Nevertheless, Feldman does not think it’s really an issue of capital, as Yale and New Haven have access to capital through Southern Connecticut, a center of private equity, as well as access to New York City. The issue, rather, is building critical mass of companies so that scientists feel comfortable switching between quality jobs.

“They key to biotech is that these firms want to be near each other,” said Alpern. “That’s why you have hubs like Silicon Valley and Cambridge, because if a person is starting a business, they know that, if it doesn’t work out, they can switch to another company without moving. When a biotech company chooses to not set up in New Haven, it’s because of the location and proximity to other companies.”

Alpern said that New Haven has started to build this necessary critical mass by providing businesses spaces, zoning approvals and grant permits.

Feldman added Pittsburgh and Cleveland are logical places to have high-tech centers because they have great technical universities — Carnegie Mellon and Case Western — and a very low cost of living.
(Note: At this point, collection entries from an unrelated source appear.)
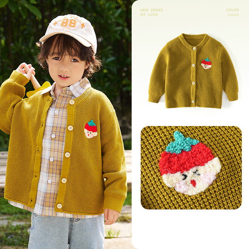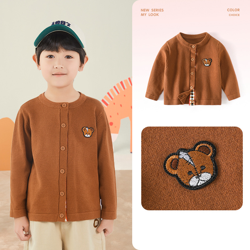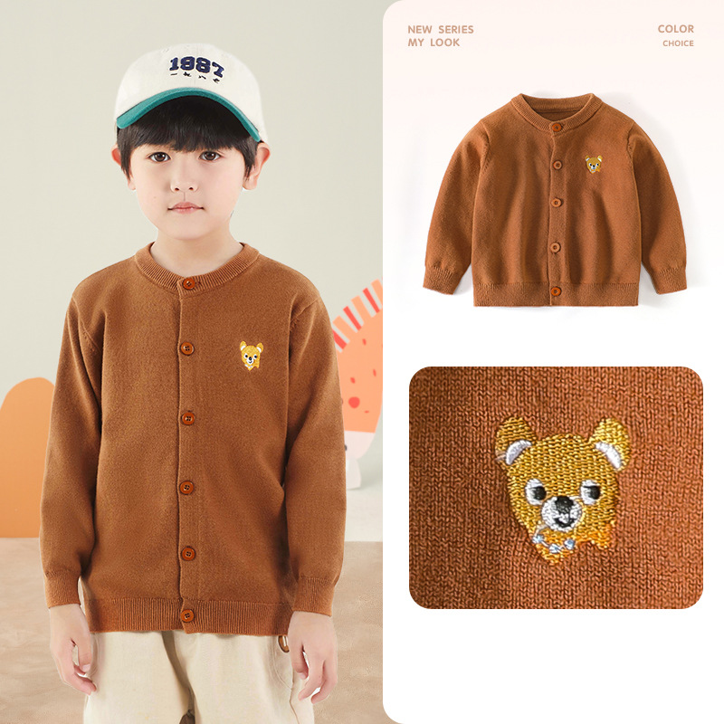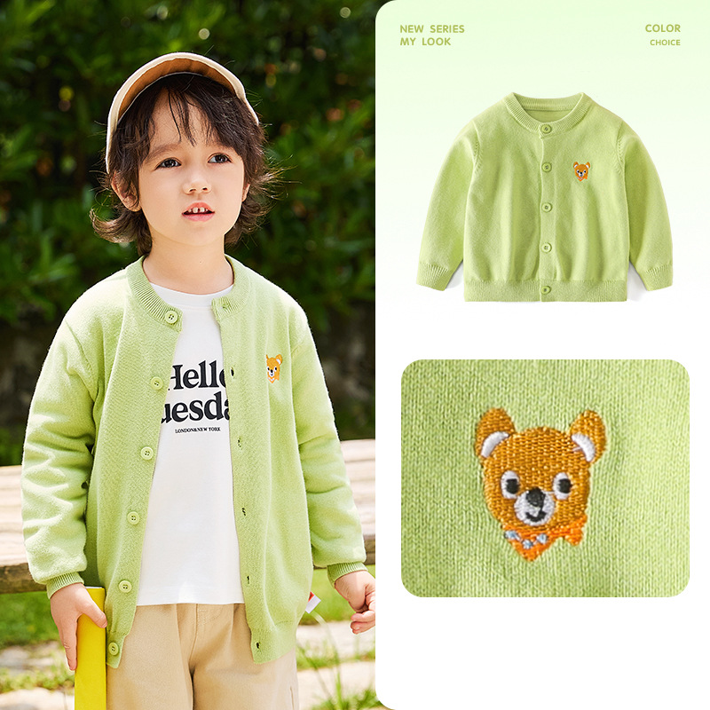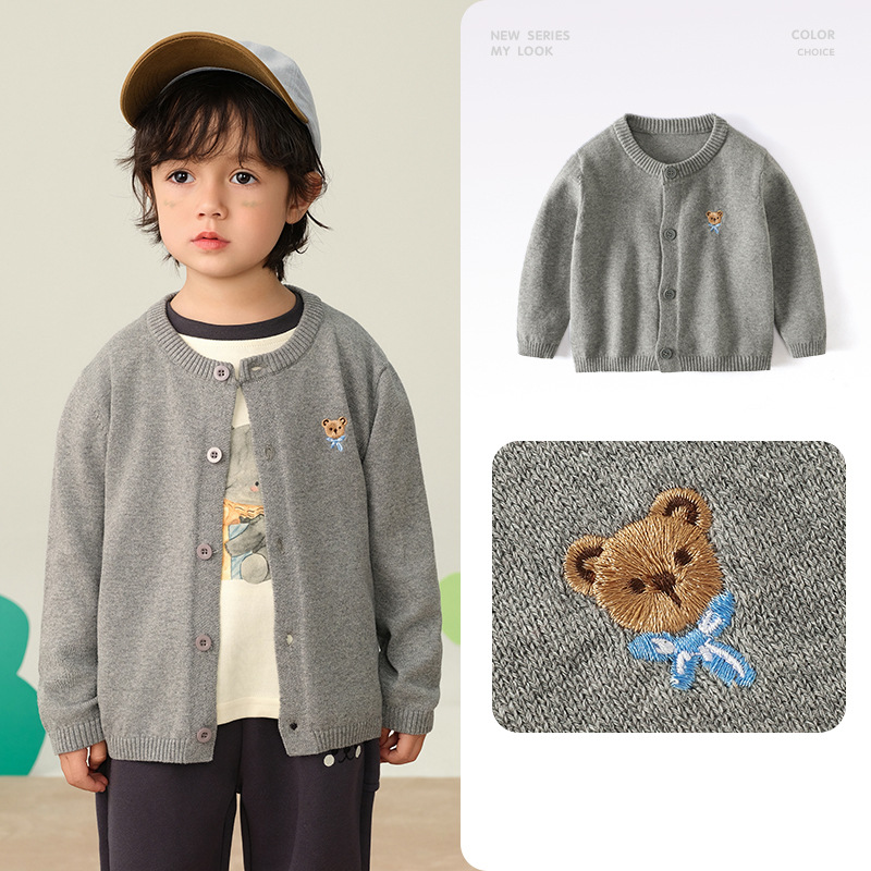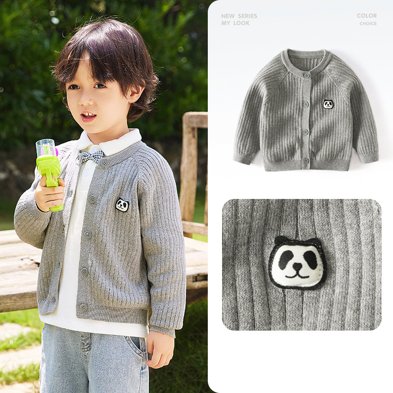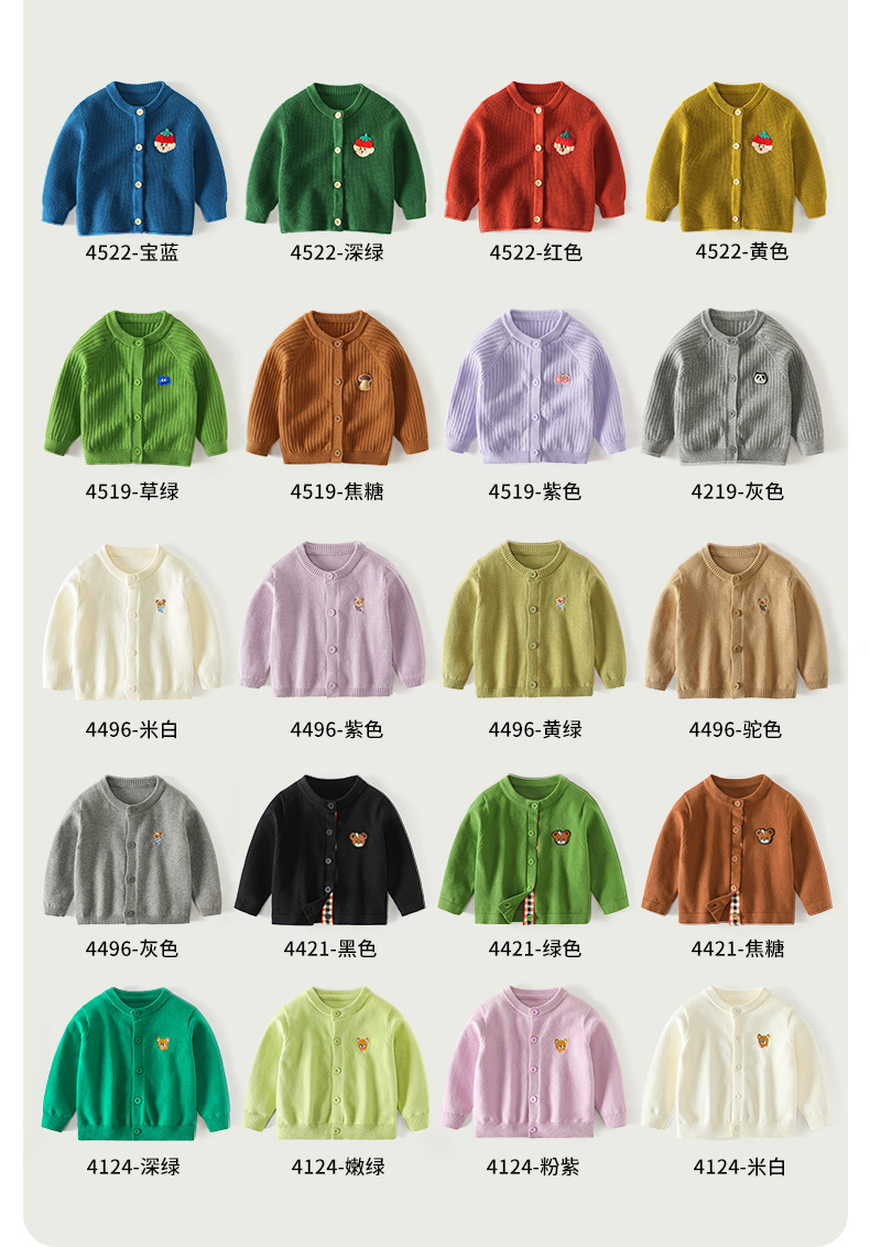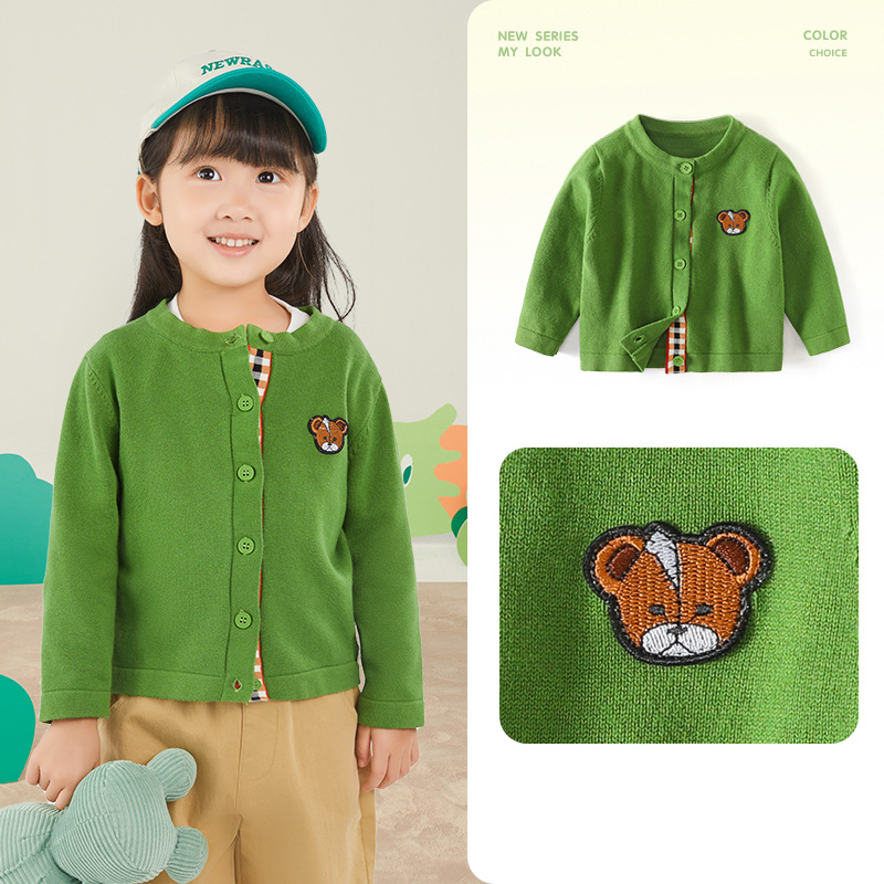 봄 새로운 어린이 스웨터 클래스 소년 소녀 및 어린이 아기의 단색 크루 넥 스웨터 재킷을위한 니트 카디건
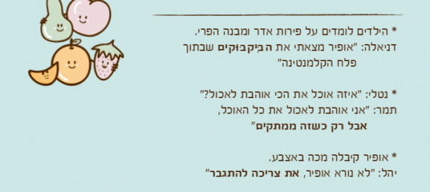 מעיין שואלת את הילדים: "מי רוצה עוד תָפּוּזִינִים"
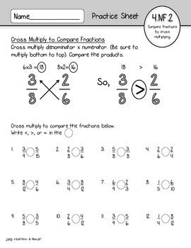 4.Nf.2 Worksheets. Compare two fractions with different numerators and different denominators, e.g., by creating common denominators or numerators, or by comparing. Apply and extend previous understandings of multiplication to multiply a fraction by a whole number. these worksheets can help.
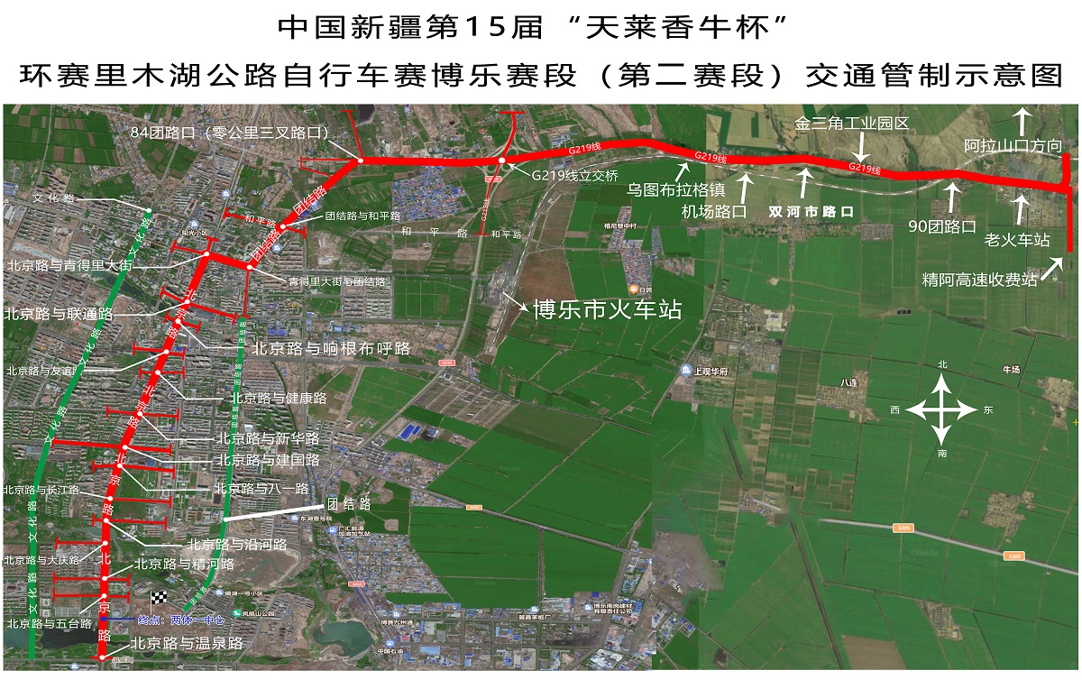 G219线老火车站十字路口-飞机场-乌图布拉格镇-G219线立交桥-团结路零公里路口-青得里大街-北京路-两体一中心-温泉路。详情请看交通管制示意图。
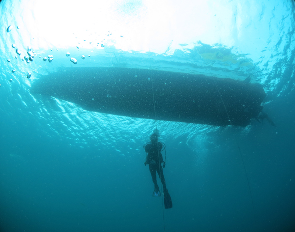 ボランティアダイバーを乗せた船4隻が
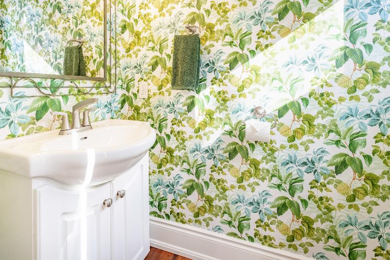 - Accented with statement wallpaper

But the culture there also isn’t quite right and as a result, the critical mass of biotech companies has not been built. As the industry continues to grow, many experts in the field believe that New Haven should not strive to reach the level of Cambridge or Silicon Valley — rather, New Haven must put itself in a more competitive position to ensure that those with innovative ideas in biotech stay in the Elm City.

“New Haven doesn’t have to replicate anything, but it can be a very exciting and interesting biotech area with virtues independent of those,” Shannon said. New Haven’s relatively low cost of living is one such advantage.

The BiotechFierce article that ranked New Haven the 13th best biotech city in the country ended with the following statement: “Connecticut may not be the first place that biotech entrepreneurs have in mind when they start a company, but when the circumstances are right it can make a lot of sense.”

Soderstrom thinks that people are beginning to notice, adding that, “I don’t think it’s coincidence that I got an email from a CEO last week that was thinking about setting up in Cambridge and thinks they should be thinking about New Haven instead.”